[EXTRACTED DATA — start]
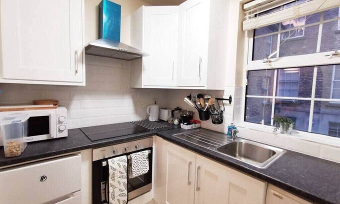VERY SPACIOUS Newly refurbished 3 bed apartment located RIGHT in CITY CENTRE - GREAT SPOT WITH SHOPS SUPERMARKETS RESTAURANTS AND PUBS ALL WITHIN A MINUTES WALK. Apartment has TV and reliable High Speed internet/WiFi AND central heating. Fully equipped kitchen for cooking and dining. TWO DOUBLE BEDROOMS AND A TWIN BEDROOM AND DESK IN SEPERATE AREA - LIVINGROOM WITH LARGE DOUBLE SOFABED AND DINING TABLE FOR 6. Your perfect spot to explore the city/ to stay in AND COOK IN THE FULLY EQUIPPED KITCHEN.
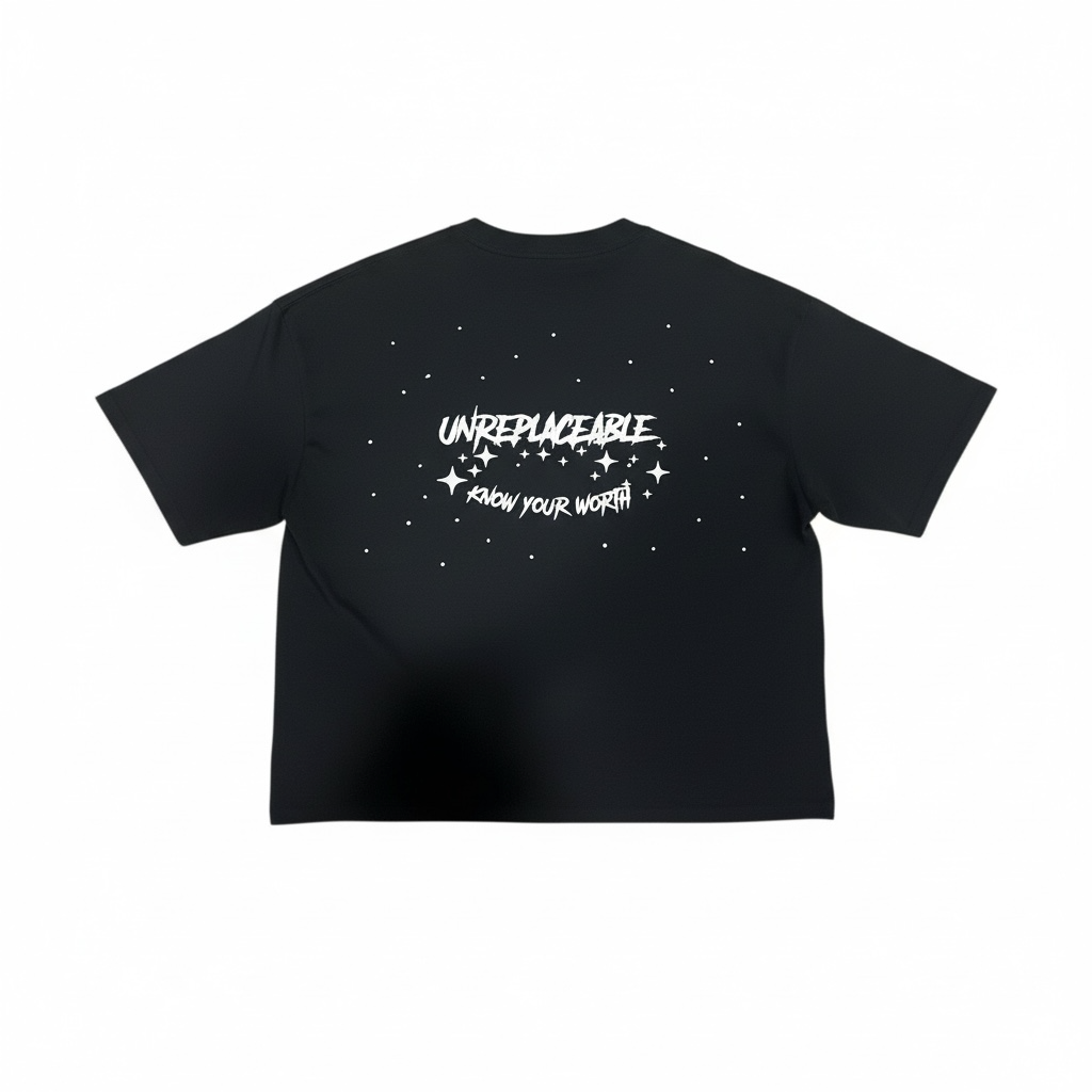 A statement in simplicity. The Standard Tee features a clean dropped-shoulder silhouette with a subtle “Unreplaceable” chest placement for a refined front profile. On the back, bold messaging takes center stage — “Know Your Worth” surrounded by star and rhinestone detailing. Crafted for everyday confidence, this tee is designed for those who stand firm in their value and express it without apology
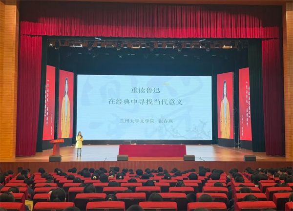 讲座现场,来自榆中县崇文实验中学的初高中师生代表,全县宣传思想文化领域干部以及广大文学爱好者齐聚一堂,共同聆听这场思想盛宴。张春燕围绕鲁迅经典作品,结合当代社会发展与现实生活,从文本解读、精神内涵、时代价值等多个维度进行阐释。她以深入浅出的语言、旁征博引的讲解,带领听众重温鲁迅笔下的经典篇章,剖析鲁迅精神的核心要义,挖掘经典文学跨越时空的当代意义。
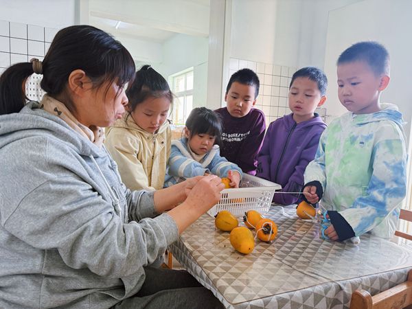 制作时,张老师手把手教孩子们洗柿子、削柿皮。孩子们有的认真洗柿,有的仔细削皮,虽偶有小“失误”,却兴致不减。之后,他们在老师帮助下将柿子挂到晾晒架上,看着橙黄柿子整齐排列,满是自豪。从室内制作到户外晾晒,孩子们全程参与,直观感受柿子变柿饼的过程。
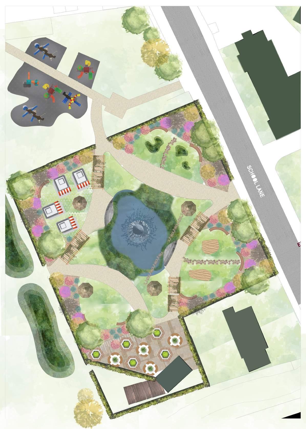 Numerous materials, both soft and hard, have been integrated into this specific area to ensure a harmonious and sustainable design. EccoGravel, a permeable paving solution that facilitates water drainage into the ground, potentially benefiting the nearby pond. Perennials, trees, and hedges, showcasing the diverse vegetation intended to imbue the space with naturalistic colors, textures, and a genuine sense of place. These plants not only offer seasonal interest but also create hiding spots for children, particularly beneficial for those experiencing panic attacks associated with conditions like ASD and ADHD.
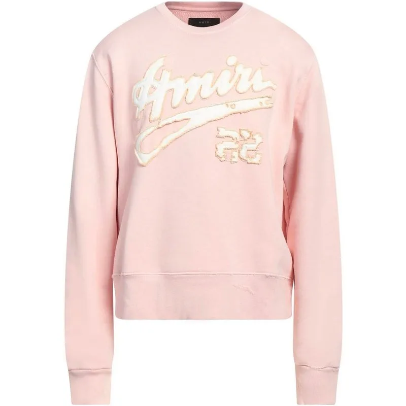 Roze Amiri-sweatshirt, normale pasvorm, maat valt normaal, 100% katoen, gemaakt in de VS, geribbelde mouw- en taille-uiteinden, wit logo, roze trui, streetwear
[EXTRACTED DATA — finish]
WORK TO COMPLETE: Every line of the records above must reappear exactly, though the pictures must not.

EXERCISE ANSWER:
VERY SPACIOUS Newly refurbished 3 bed apartment located RIGHT in CITY CENTRE - GREAT SPOT WITH SHOPS SUPERMARKETS RESTAURANTS AND PUBS ALL WITHIN A MINUTES WALK. Apartment has TV and reliable High Speed internet/WiFi AND central heating. Fully equipped kitchen for cooking and dining. TWO DOUBLE BEDROOMS AND A TWIN BEDROOM AND DESK IN SEPERATE AREA - LIVINGROOM WITH LARGE DOUBLE SOFABED AND DINING TABLE FOR 6. Your perfect spot to explore the city/ to stay in AND COOK IN THE FULLY EQUIPPED KITCHEN.
 A statement in simplicity. The Standard Tee features a clean dropped-shoulder silhouette with a subtle “Unreplaceable” chest placement for a refined front profile. On the back, bold messaging takes center stage — “Know Your Worth” surrounded by star and rhinestone detailing. Crafted for everyday confidence, this tee is designed for those who stand firm in their value and express it without apology
 讲座现场,来自榆中县崇文实验中学的初高中师生代表,全县宣传思想文化领域干部以及广大文学爱好者齐聚一堂,共同聆听这场思想盛宴。张春燕围绕鲁迅经典作品,结合当代社会发展与现实生活,从文本解读、精神内涵、时代价值等多个维度进行阐释。她以深入浅出的语言、旁征博引的讲解,带领听众重温鲁迅笔下的经典篇章,剖析鲁迅精神的核心要义,挖掘经典文学跨越时空的当代意义。
 制作时,张老师手把手教孩子们洗柿子、削柿皮。孩子们有的认真洗柿,有的仔细削皮,虽偶有小“失误”,却兴致不减。之后,他们在老师帮助下将柿子挂到晾晒架上,看着橙黄柿子整齐排列,满是自豪。从室内制作到户外晾晒,孩子们全程参与,直观感受柿子变柿饼的过程。
 Numerous materials, both soft and hard, have been integrated into this specific area to ensure a harmonious and sustainable design. EccoGravel, a permeable paving solution that facilitates water drainage into the ground, potentially benefiting the nearby pond. Perennials, trees, and hedges, showcasing the diverse vegetation intended to imbue the space with naturalistic colors, textures, and a genuine sense of place. These plants not only offer seasonal interest but also create hiding spots for children, particularly beneficial for those experiencing panic attacks associated with conditions like ASD and ADHD.
 Roze Amiri-sweatshirt, normale pasvorm, maat valt normaal, 100% katoen, gemaakt in de VS, geribbelde mouw- en taille-uiteinden, wit logo, roze trui, streetwear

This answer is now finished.